Khanom nuan haeo (ขนมนวลแห้ว, /th/) is a traditional Thai dessert originating from Banphot Phisai district in Nakhon Sawan province. It is considered a local delicacy born from the wisdom of Banphot Phisai farmers. After the harvest season, farmers would dig up chufa (Note: A type of chestnut that grows naturally in rice fields.), grind it, and sun-dry it into flour, which was then used to make this dessert.

In earlier times, the sweet was commonly sold by roaming vendors carrying baskets. Later, as farming methods shifted from buffalo plowing to mechanized tractors, the natural growth of chufa plants dwindled. The remaining supply was insufficient for large-scale production. Consequently, Khanom nuan haeo gradually faded into rarity.
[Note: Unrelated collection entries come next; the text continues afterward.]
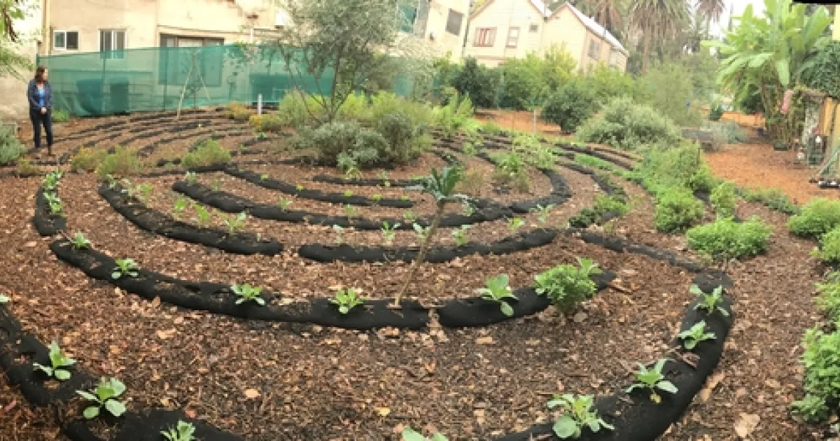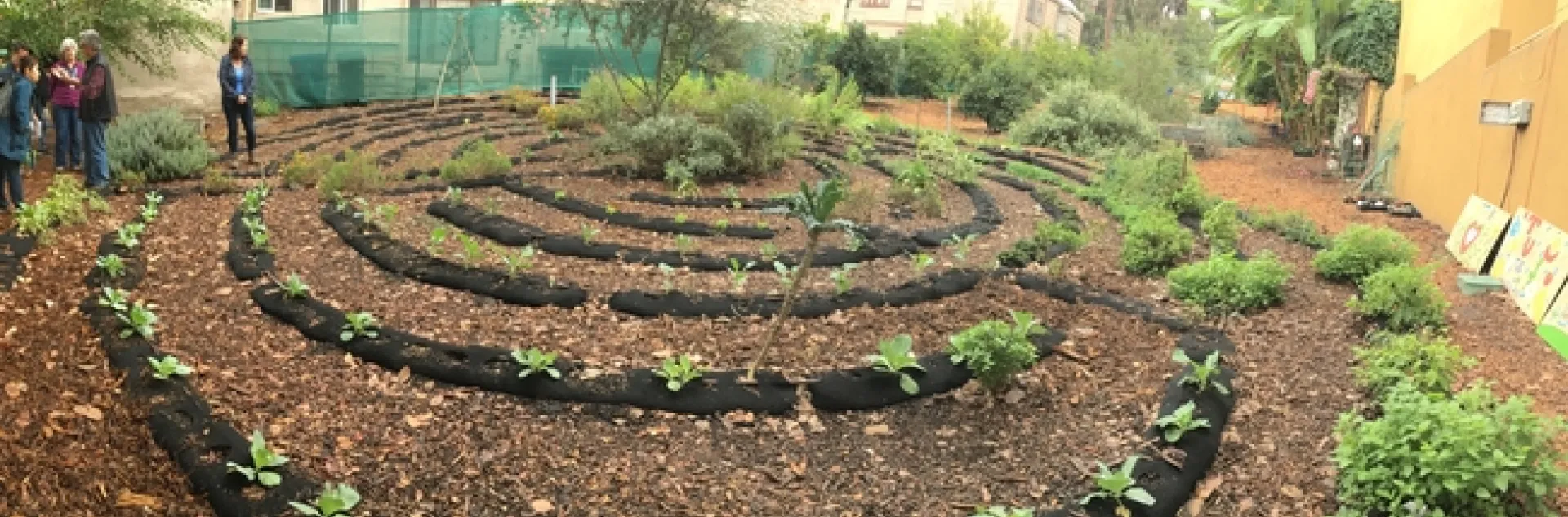 This small urban farm in downtown Los Angeles is part of the Episcopal Diocese Seeds of Hope program. It includes a living labyrinth for reflection, as well as flowers, fruit trees, herbs and vegetables for distribution in the community.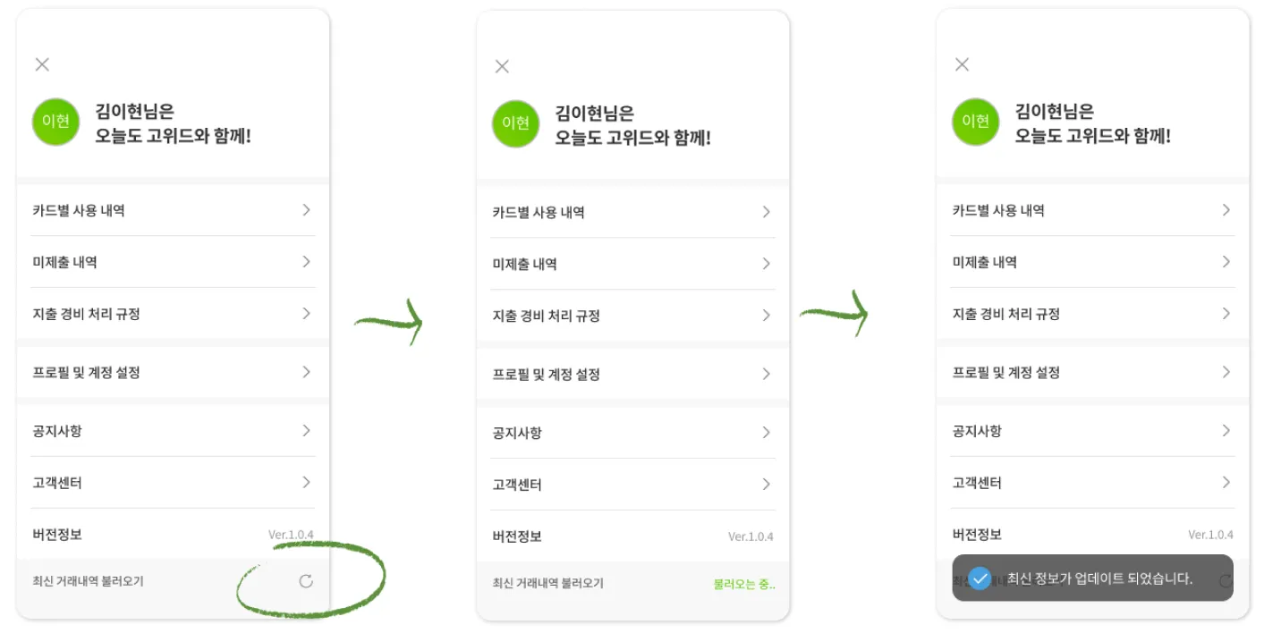 결제된 후 5분 내 영수증이 자동으로 등록되지만, 만약 실시간 업데이트가 필요한 경우에는 최신 내역을 수동으로 불러올 수 있습니다. 우측 상단의 메뉴 아이콘을 누르신 후 하단의 [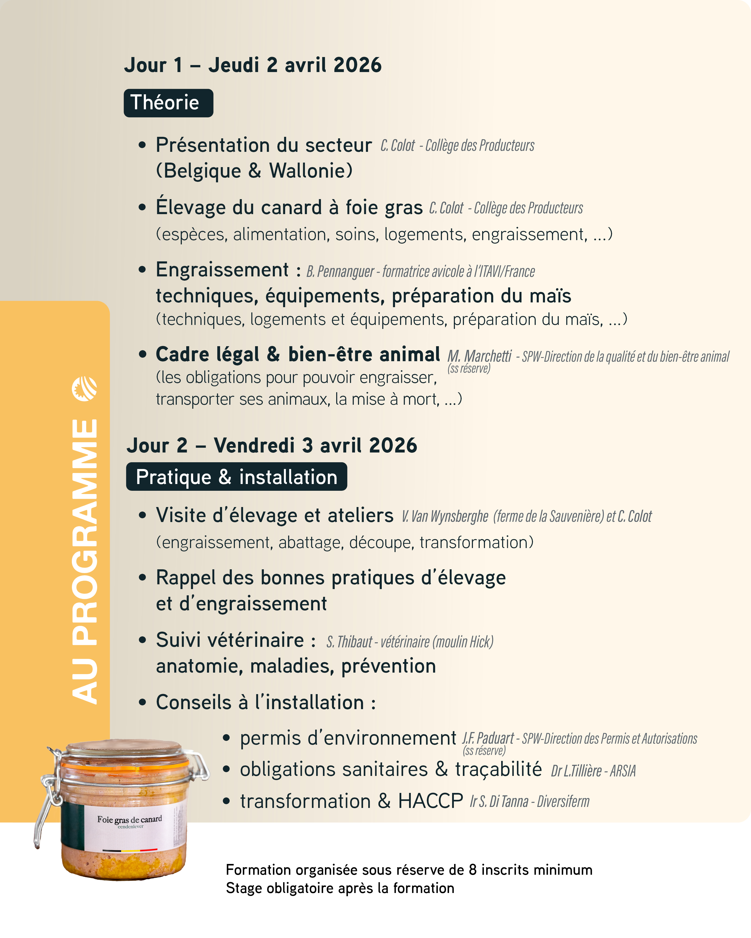 Les 2 et 3 avril, le Collège des Producteurs organise une formation officielle et agréée par le Service public de Wallonie en production de foie gras et engraissement des canards. Cette formation obligatoire constitue une étape essentielle pour accéder légalement à cette production de niche, à forte valeur ajoutée, souvent développée en circuits courts.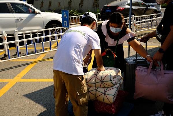 (图为志愿者帮忙搬运行李))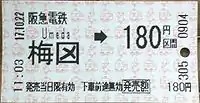 - A variant of 田, as in 梅田 (Umeda, place name in Osaka), used by Hankyu Railway. This way of writing was for easy identification of tickets to Umeda before ticket vending machines were introduced because it is the busiest station in the whole Hankyu system.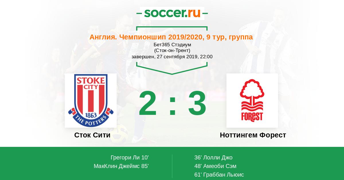 | Сток Сити | Ноттингем Форест | |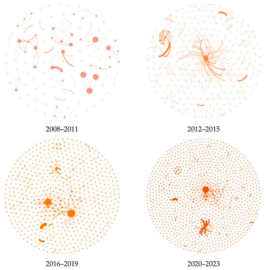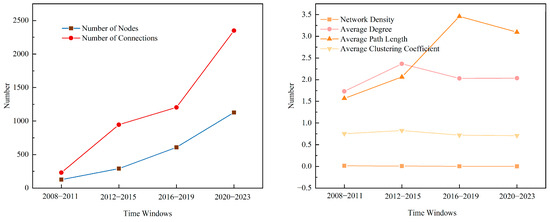 The structure and features of China’s NEV battery technology patent collaboration network are examined in this study using a number of statistical indicators, including the number of nodes, the number of edges, network density, average path length, and clustering coefficient. As illustrated in Figure 5, between 2008 and 2023, the innovation network exhibited substantial structural evolution, characterized by progressive diversification among core participants and a marked shift toward decentralized connectivity patterns. The “Double Credits” policy implemented in 2017 triggered significant network expansion, with node count and connection lines experiencing exponential growth, much like the regulatory effect Wang et al. (2024) found in their study on pollution abatement [62]. Concurrently, the systematic analysis revealed a paradoxical density decline, demonstrating an inverse relationship between innovative entity proliferation and network cohesion intensity. The average degree of the network grows from 1.744 to 2.037, and the connection between innovation subjects is slowly increasing, but the overall structure still tends to be loose. The average path length increases from 1.571 to 3.097, and the average distance between innovation subjects increases. The clustering coefficient declined in slow fluctuation, increased during 2012–2015 due to the emergence of individual cliques, and then continued to decline, indicating that the cohesion of the network became lower and the overall looser. From the perspective of the overall evolution of the network, the NEV battery technology cooperation network does not have the characteristics of a “small world”.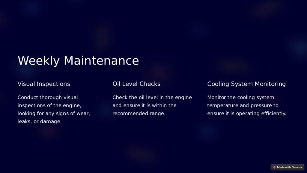 Weekly Maintenance Visual Inspections Conduct thorough visual inspections of the engine, looking for any signs of wear, leaks, or damage. Oil Level Checks Check the oil level in the engine and ensure it is within the recommended range. Cooling System Monitoring Monitor the cooling system temperature and pressure to ensure it is operating efficiently.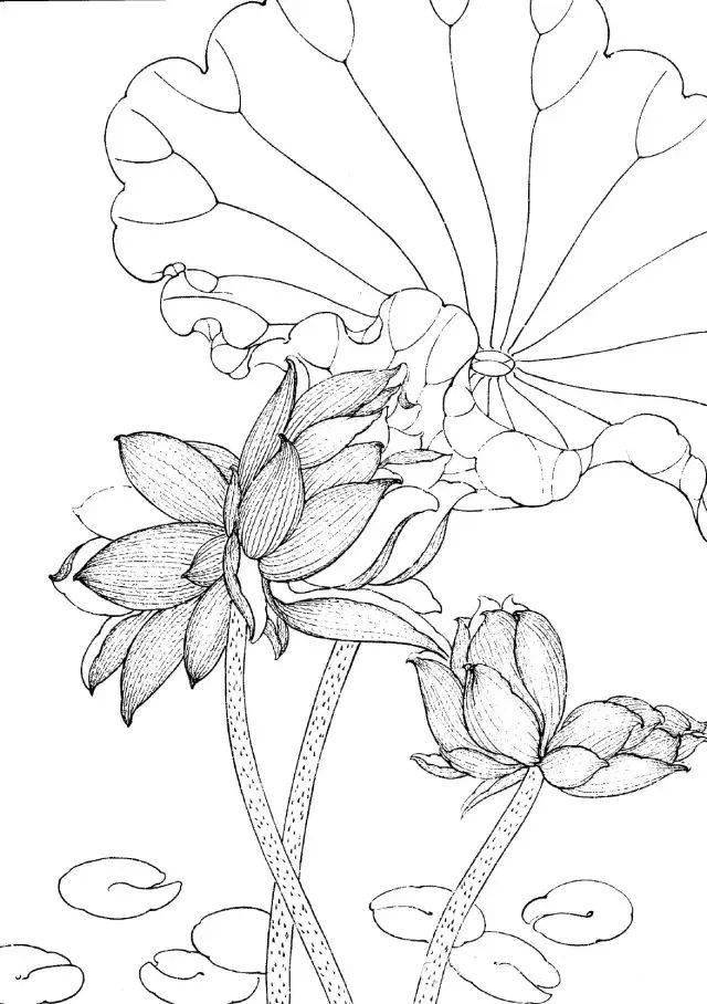 素材| 一组工笔白描荷花33图 值得收藏临摹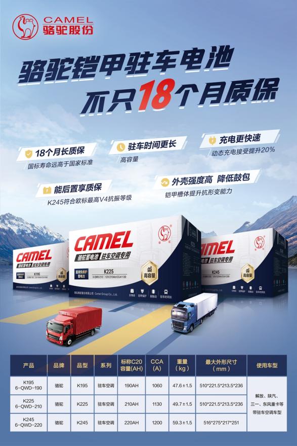 深耕蓄電池行業40多年的駱駝,憑借其在駐車電池領域的技術積淀,針對駐車時長、充電速度、耐振動、抗形變、長壽命等五大核心性能進行了全新升級。駱駝鎧甲駐車電池與一汽解放、陜汽重卡、東風重卡等知名品牌的重型卡車車型高度適配,輕松滿足現代物流行業對高效電力的需求。同時,K系列駱駝鎧甲駐車電池的質保期已提升至18個月,為卡友們提供更加安心的使用保障。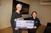 Stine Engen (t.v.) var veldig glad for overraskelsen fra Gjensidigestiftelsen som ble overrakt av Jannicke Stenberg Mykkestue.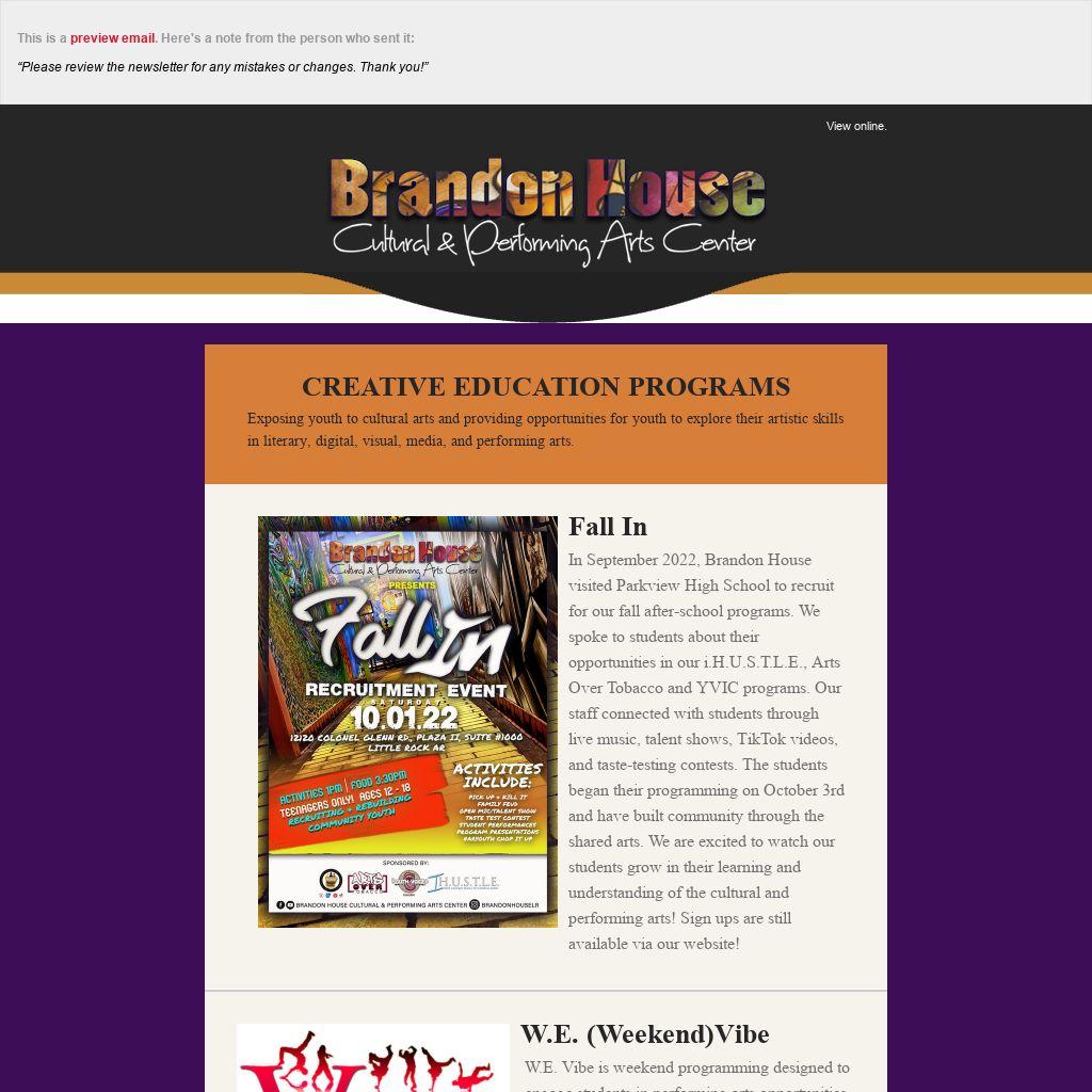 BH Productions, an umbrella of services under Brandon House Cultural & Performing Arts Center, is available to serve individuals’ and businesses’ production needs. Whether you are interested in assistance in film, photography, television, radio, music, and video, BH Productions’ experienced professionals are ready to take you to the next level.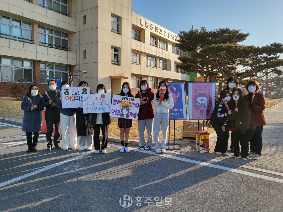 홍성여고 학생회는 세계 여성의 날 기념행사로 학생들이 직접 관련 피켓을 제작하고 전교생에게 장미와 간식을 전달하는 등교 캠페인을 진행했다.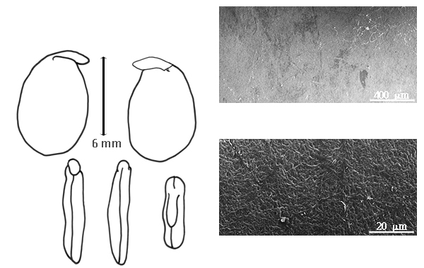 Seed: 5–9.5 mm long; 3–7 mm wide; 2–4 mm thick; not overgrown; not angular; symmetrical; elliptic to ovate to circular (sub), or D-shaped; compressed; with surface smooth; without visible radicle and cotyledon lobes; without hilar sinus; without umbo on seed faces; without medial ridge on each face. Cuticle not exfoliating; not inflated; not wrinkled. Testa present; without pieces of adhering epicarp; not adhering to endocarp; free from endocarp; glossy to dull; not modified by a bloom; colored; monochrome; red to brown (also to reddish brown); glabrous; smooth; chartaceous. Pleurogram absent. Pseudopleurogram absent. Fracture lines absent. Rim absent. Wing(s) absent. Raphe not visible. Hilum present; partially concealed; concealed by aril; with faboid split; with the lips of the faboid split the same color as the rest of the hilum; larger than punctiform; 0.6–1.5 mm long; with curved outline; elliptic; subapical to radicle tip; recessed; within rim; rim color darker than testa. Lens discernible; 1.2–1.5 mm long; with margins straight; linear; not in groove of raphe; adjacent to hilum; 0.5 mm from hilum; flush; similar color as testa; darker than testa; brown, or red (dark); not within corona, halo, or rim. Endosperm present; thin; not pluglike and not resembling tip of radicle; covering at least 1/2 of embryo, but not entire embryo; adnate to testa. Cotyledons smooth; both outer faces convex; both the same thickness; both more or less of equal length; not folded; margin entire 180 degrees from base of radicle; similar at apex; partially concealing radicle; split over radicle; with lobes; with lobes touching (auriculate); without basal groin formed by lobes; with the interface division terminating at base of radicle; without margins recessed; pale tan; inner face flat, or with central ridge on 1 and central groove on other; glabrous on inner face. Embryonic axis oblique; perpendicular to length of seed; without a joint evident between the radicle and the cotyledons. Radicle differentiated from cotyledon; linear; lobe tip curved; oblique to cotyledons; centered between cotyledons; less than 1/2 length of cotyledons. Plumule rudimentary; glabrous.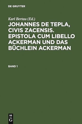 Johannes de Tepla, Civis Zacensis, Epistola cum Libello Ackerman und Das Büchlein Ackerman. Band 1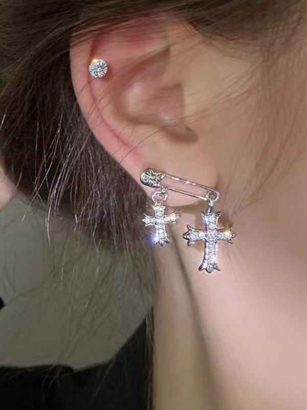Contrast Color Cross Jacquard Rolled Design Long Sleeve Knit
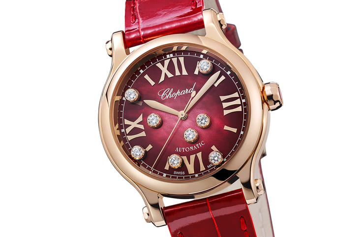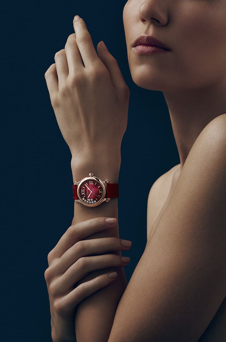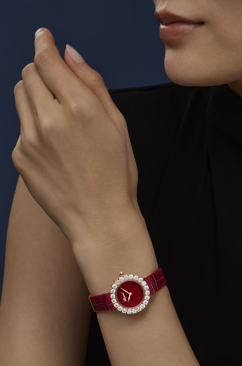 L'Heure du Diamant系列透過CHOPARD標誌性的鑲嵌工藝,使鑽石的淨度大為提升。每當光線穿透鑲鑽錶冠以及錶圈,令鑽石在溫暖的紅色瑪瑙面盤下綻放出耀眼光芒,搭配紅色錶帶與璀璨鑽石遙相呼應。L'Heure du Diamant系列尚有項設計邏輯如出一轍的鍊讚頌鑽石的魔力,每款橢圓形吊墜均以精細手工鑲飾欖尖形切割鑽石,在線條與材質之間取得完美一致的和諧感。這些吊墜遠不止珠寶作品般簡單,它們更化身成真正的護身符,卓越珠寶工藝與創意相遇時守護著當刻所散發的能量,在新年佩戴迎接好運。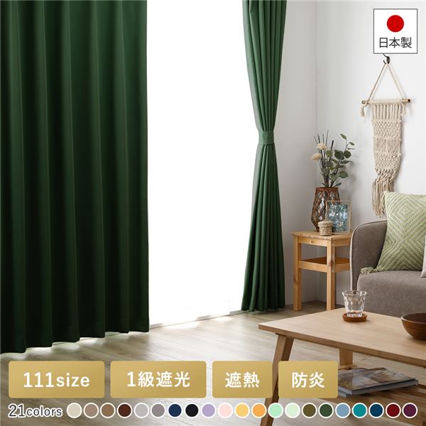 1級遮光 防炎 ドレープカーテン 単品 幅100×丈110cm 2枚入 モスグリーン 洗える ウォッシャブル 無地 国産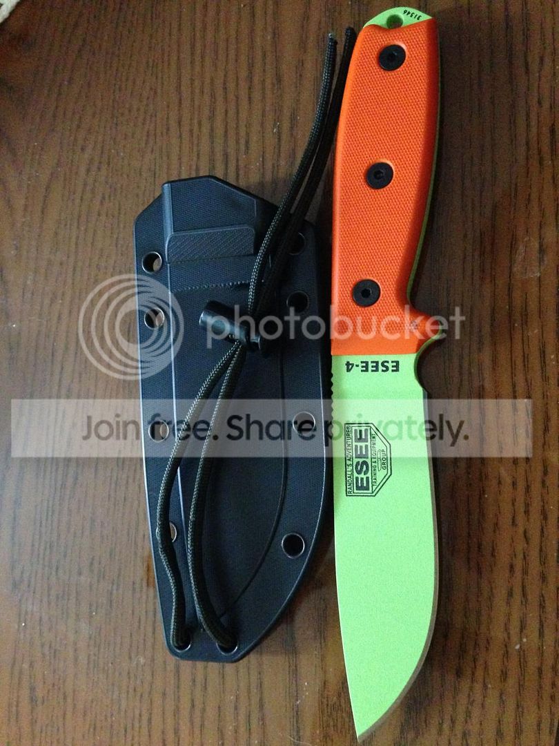 While I was there I checked out all kinds of stuff. I handled most of the Beckers, the LMF II, the Schrade SCHF9, the Esee 3,4,5, and 6, and a Spartan Blade just for fun. I really liked the handles on the Beckers and the Esees the most. When I saw the price of the Esee 4 was 87 dollars and the Beckers were pretty much the same price I decided to go with the Esee because of the warranty and the fact that my hand wraps perfectly around the handle and just locks on. It's also just a nicer looking knife in my opinion. I read some comments that said the BK2 and Esee 5 were to clunky and thick and they were right. I didn't realize how thick they were until I actually held one for myself. So I decided to go with the Esee 4 because it's the perfect size for what I need. If I need to I can always carry a hatchet or folding saw along with it. Plus the color really gets me. I love it. I just wish it would stop raining and snowing so I can get out and play with it!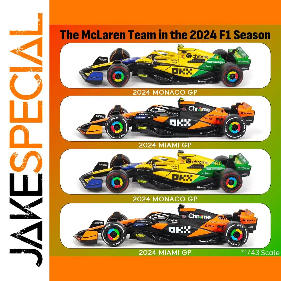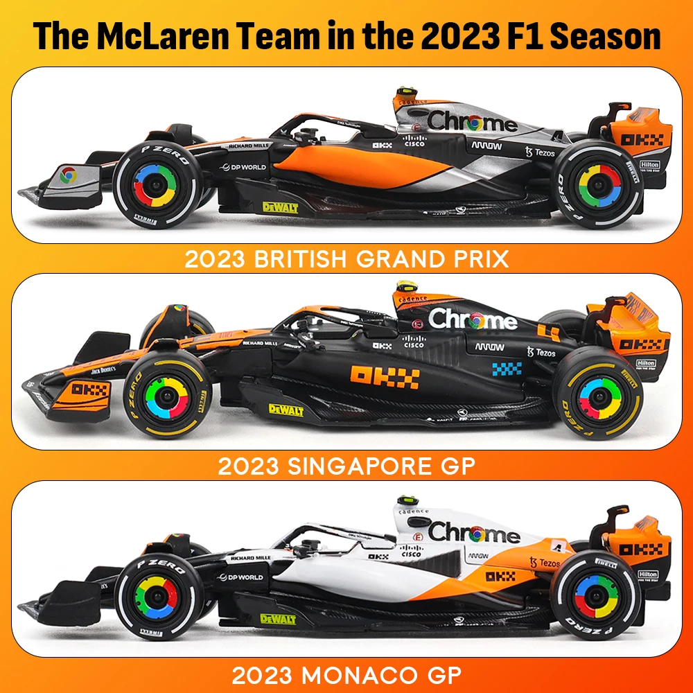 - Vibrant color schemes representing different seasons, including 2023 MCL60-4 and 2024 MCL38-81GP liveries, to showcase racing evolution.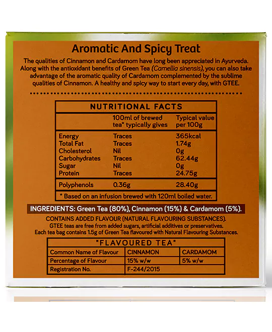 GTEE Green Tea - Cinnamon & Cardamom, 10 Tea Bags

Because chufa flour became costly, the dessert was reserved only for special traditional occasions such as weddings and ordination ceremonies.

Today, Khanom nuan haeo has been revived and introduced to neighbouring provinces such as Kamphaeng Phet, Phichit, and Phitsanulok. In some areas of Phitsanulok, the tradition of collecting wild chufu to make this dessert still continues.

In 2025, the Ministry of Culture recognized Khanom nuan haeo as "The Lost Taste of Nakhon Sawan", under the "One Province, One Menu" initiative, which celebrates disappearing local culinary traditions.